Maryland Financial Institutions Section 3-712

Article - Financial Institutions

§ 3-712.

      (a)      Consummation of a consolidation or merger has the effects provided in this section.

      (b)      The separate existence of each constituent bank, except the successor, ceases.

      (c)      (1)      The successor shall be considered the same business and corporate entity as each of the constituent banks and has all of the rights, powers, and duties of each constituent bank, except:

                  (i)      As limited by the successor's charter or bylaws; and

                  (ii)      As limited by the Commissioner or the bank supervisory agency of the state by which an other-state bank is chartered under subsection (e) of this section.

            (2)      Each constituent bank's rights, franchises, and interests in any property become the property of the successor without any deed, transfer, or other action.

            (3)      The successor has the same powers that each constituent bank had as to any property held in any fiduciary capacity, without any deed, transfer, or other action. The successor may be removed or replaced as fiduciary in the same manner and to the same extent as the constituent bank.

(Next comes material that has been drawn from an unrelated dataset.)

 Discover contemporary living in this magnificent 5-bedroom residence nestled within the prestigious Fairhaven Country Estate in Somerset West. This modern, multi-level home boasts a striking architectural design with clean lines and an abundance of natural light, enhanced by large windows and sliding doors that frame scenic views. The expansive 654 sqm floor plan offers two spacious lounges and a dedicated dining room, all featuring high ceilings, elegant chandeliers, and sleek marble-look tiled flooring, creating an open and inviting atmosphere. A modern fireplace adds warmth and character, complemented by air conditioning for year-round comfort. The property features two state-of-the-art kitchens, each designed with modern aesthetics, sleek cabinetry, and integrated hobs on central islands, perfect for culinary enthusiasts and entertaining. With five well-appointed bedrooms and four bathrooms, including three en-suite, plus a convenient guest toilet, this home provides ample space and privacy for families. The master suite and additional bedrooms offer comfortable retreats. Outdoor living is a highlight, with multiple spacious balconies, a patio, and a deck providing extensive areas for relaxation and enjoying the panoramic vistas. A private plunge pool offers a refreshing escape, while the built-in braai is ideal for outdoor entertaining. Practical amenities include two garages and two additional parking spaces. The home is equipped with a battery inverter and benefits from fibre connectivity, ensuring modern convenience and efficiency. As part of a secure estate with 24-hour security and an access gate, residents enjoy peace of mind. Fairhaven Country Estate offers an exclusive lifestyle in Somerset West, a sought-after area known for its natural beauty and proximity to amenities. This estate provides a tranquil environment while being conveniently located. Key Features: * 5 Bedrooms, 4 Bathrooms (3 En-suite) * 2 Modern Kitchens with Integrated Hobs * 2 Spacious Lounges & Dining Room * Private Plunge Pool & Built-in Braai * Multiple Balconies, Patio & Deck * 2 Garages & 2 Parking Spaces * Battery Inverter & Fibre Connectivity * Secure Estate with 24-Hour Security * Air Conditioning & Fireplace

      (d)      (1)      Unless this construction would be unreasonable, any reference to any constituent bank in any writing, whether executed or taking effect before or after the consolidation or merger, shall be interpreted as a reference to the successor.

            (2)      The successor may use the name of any constituent bank if it can do any act more conveniently under that name.

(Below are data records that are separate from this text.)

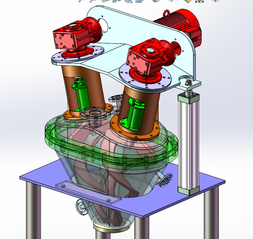 該雙錐體無軸螺帶混合裝置,考慮到了不同的化工原料會有異味、毒性、刺激等情況,設計成密閉工作空間,設有真空口、充氣口等對反應壓力調節,以及對異味等進行抽排處理,從而保證環保要求和安全需要。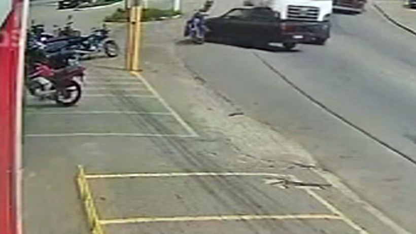 Em seguida a caminhonete atinge a frente de um caminhão que seguia no sentido contrário e acerta em cheio uma moto, que realizava uma ultrapassagem pela direita. Com o impacto, o motociclista foi lançado ao chão e parou em meio a outras motos estacionadas.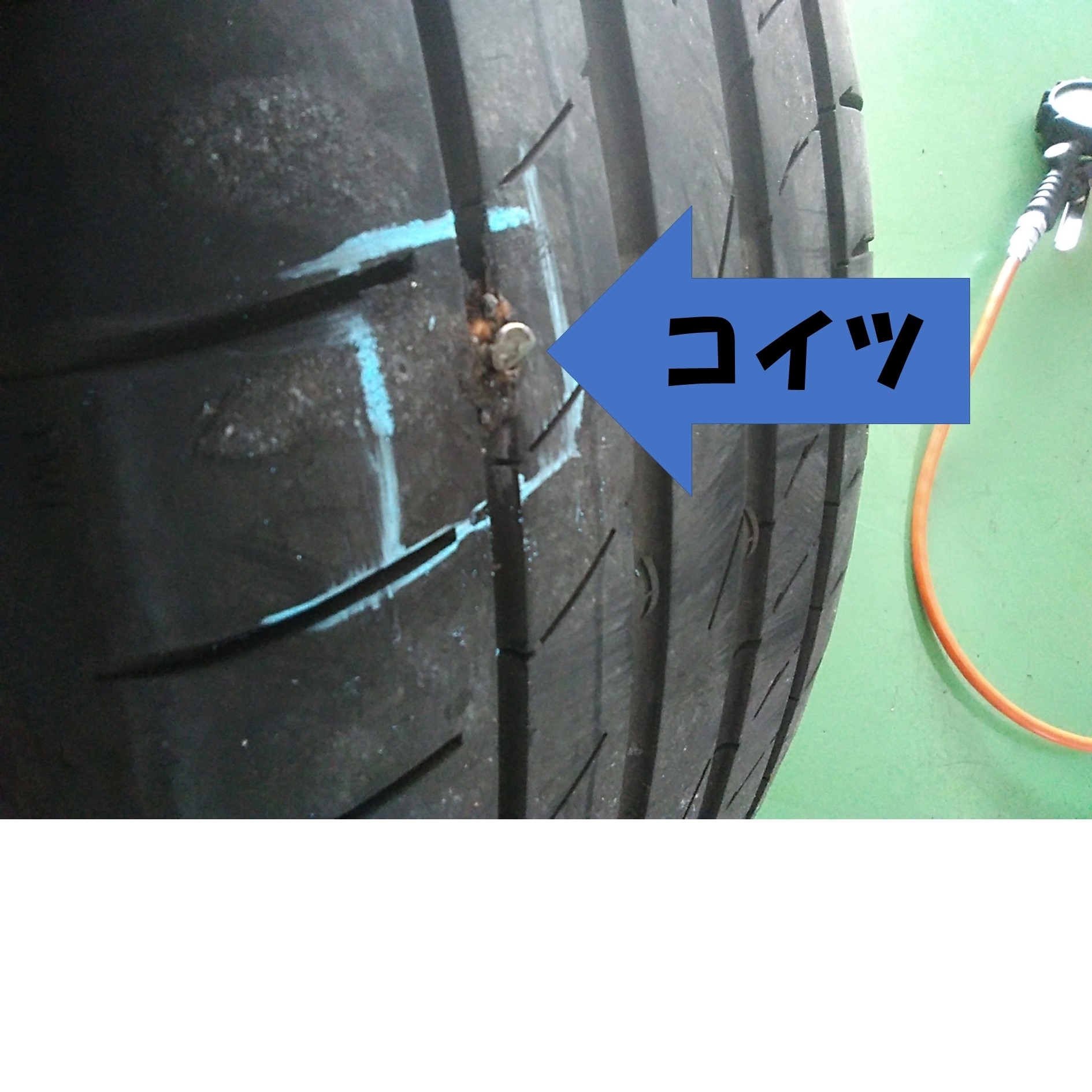 タイヤ市場にパンク点検に来られるお客様のタイヤを見せて頂くと大概コイツ(クギ、ネジ)が刺さってますからね

      (e)      If a constituent bank has assets or engages in business activities that do not conform to the law governing the successor, the Commissioner or the bank supervisory agency of the state by which an other-state bank is chartered may allow a reasonable time for the successor to conform to that law.

      (f)      Unless the Commissioner approves, the successor may not carry on its books an asset received from a constituent bank at a higher value than that on the books of the constituent bank at the time of the last examination by a State or federal bank examiner before the effective date of the consolidation or merger.